Department of Computer Science, University of Texas at Austin, Austin, TX, United States.
JMIR Med Inform. 2016 Sep 22;4(3):e27. doi: 10.2196/medinform.5353.
Health science findings are primarily disseminated through manuscript publications. Information subsidies are used to communicate newsworthy findings to journalists in an effort to earn mass media coverage and further disseminate health science research to mass audiences.
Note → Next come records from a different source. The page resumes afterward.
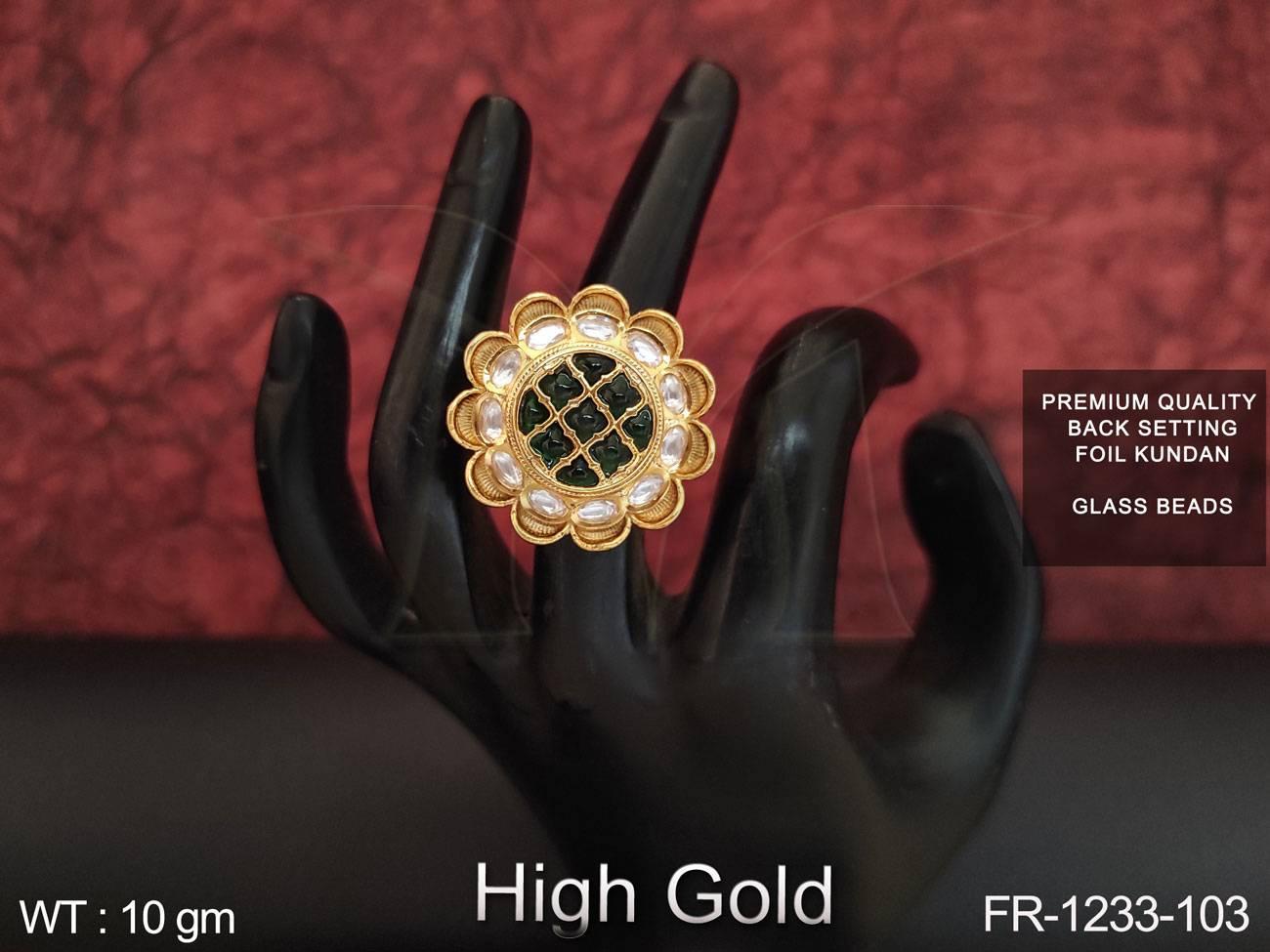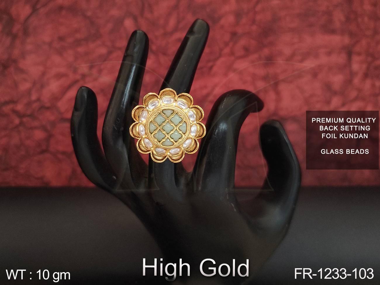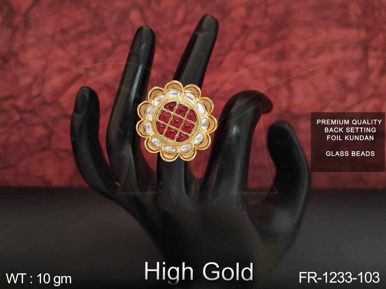 - High Gold Polish Designer Fancy Full Kundan Stones Party wear finger Ring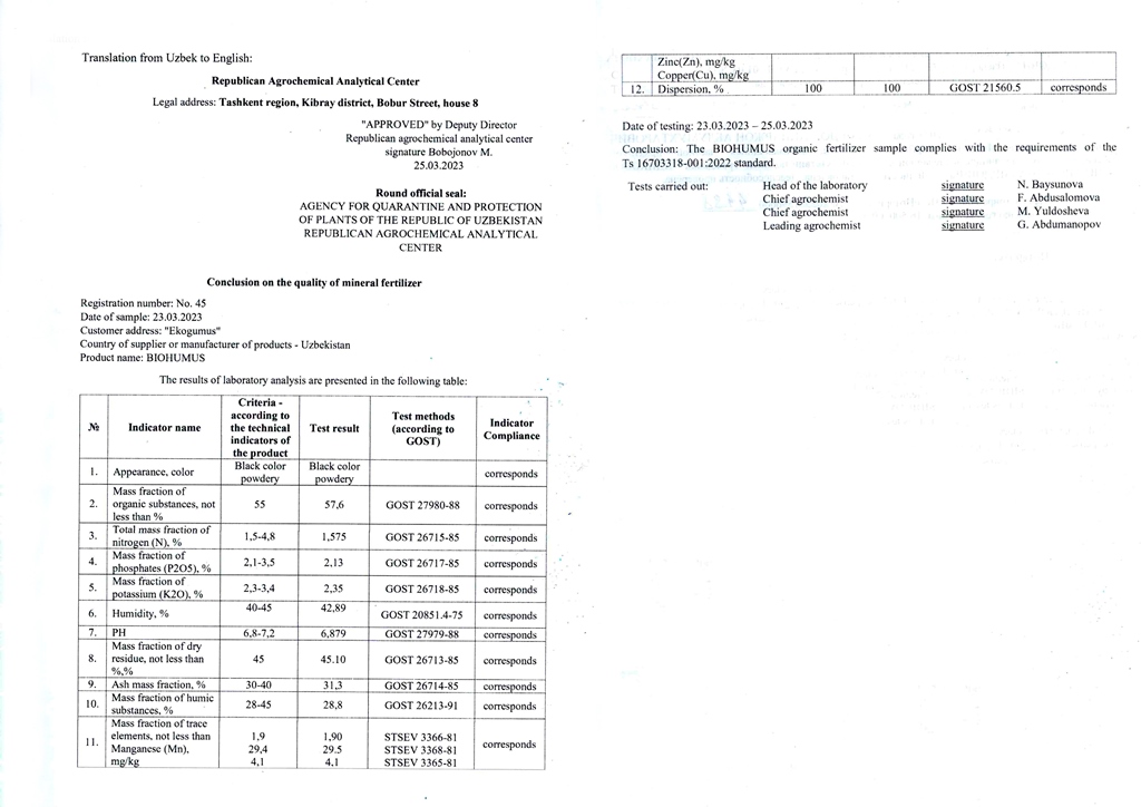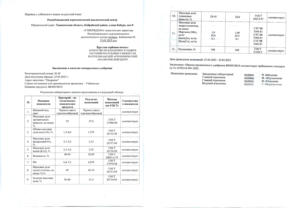 Uzkimyoimpeks" company offers "BIOHUMUS" product for export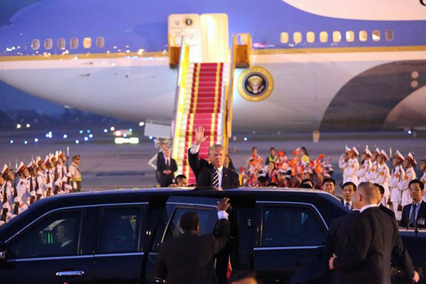 Tổng thống Trump tươi cười, vẫy tay bước xuống thang máy bay. Sau lễ đón tại sân bay, tổng thống lên xe Cadillac di chuyển về trung tâm Hà Nội. (Ảnh: Như Ý/Tiền Phong)

Journal editors and news journalists then select which news stories receive coverage and thus public attention.
This study aims to identify attributes of published health science articles that correlate with (1) journal editor issuance of press releases and (2) mainstream media coverage.
We constructed four novel datasets to identify factors that correlate with press release issuance and media coverage. These corpora include thousands of published articles, subsets of which received press release or mainstream media coverage. We used statistical machine learning methods to identify correlations between words in the science abstracts and press release issuance and media coverage. Further, we used a topic modeling-based machine learning approach to uncover latent topics predictive of the perceived newsworthiness of science articles.
Both press release issuance for, and media coverage of, health science articles are predictable from corresponding journal article content. For the former task, we achieved average areas under the curve (AUCs) of 0.666 (SD 0.019) and 0.882 (SD 0.018) on two separate datasets, comprising 3024 and 10,760 articles, respectively. For the latter task, models realized mean AUCs of 0.591 (SD 0.044) and 0.783 (SD 0.022) on two datasets-in this case containing 422 and 28,910 pairs, respectively. We reported most-predictive words and topics for press release or news coverage.
We have presented a novel data-driven characterization of content that renders health science "newsworthy." The analysis provides new insights into the news coverage selection process. For example, it appears epidemiological papers concerning common behaviors (eg, alcohol consumption) tend to receive media attention.
健康科学研究成果主要通过学术论文发表来传播。信息补贴用于向新闻记者传达有新闻价值的发现,以努力获得大众媒体的报道,并将健康科学研究进一步传播给大众。然后,期刊编辑和新闻记者选择哪些新闻报道获得报道,从而引起公众关注。
本研究旨在确定与(1)期刊编辑发布新闻稿和(2)主流媒体报道相关的已发表健康科学文章的属性。
我们构建了四个新的数据集,以确定与新闻稿发布和媒体报道相关的因素。这些语料库包含数千篇已发表的文章,其中一些子集收到了新闻稿或主流媒体的报道。我们使用统计机器学习方法来识别科学摘要中单词与新闻稿发布和媒体报道之间的相关性。此外,我们使用基于主题建模的机器学习方法来揭示可预测科学文章新闻价值的潜在主题。
健康科学文章的新闻稿发布和媒体报道都可以从相应的期刊文章内容中预测出来。对于前者的任务,我们在两个独立的数据集上分别实现了 0.666(SD 0.019)和 0.882(SD 0.018)的平均曲线下面积(AUC),分别包含 3024 篇和 10760 篇文章。对于后者的任务,模型在两个数据集上分别实现了 0.591(SD 0.044)和 0.783(SD 0.022)的平均 AUC-在这种情况下,分别包含 422 对和 28910 对文章。我们报告了最具预测性的单词和主题,用于新闻稿或新闻报道。
我们提出了一种新颖的基于数据的健康科学“新闻价值”内容描述。该分析提供了对新闻报道选择过程的新见解。例如,似乎涉及常见行为(例如饮酒)的流行病学论文更容易受到媒体关注。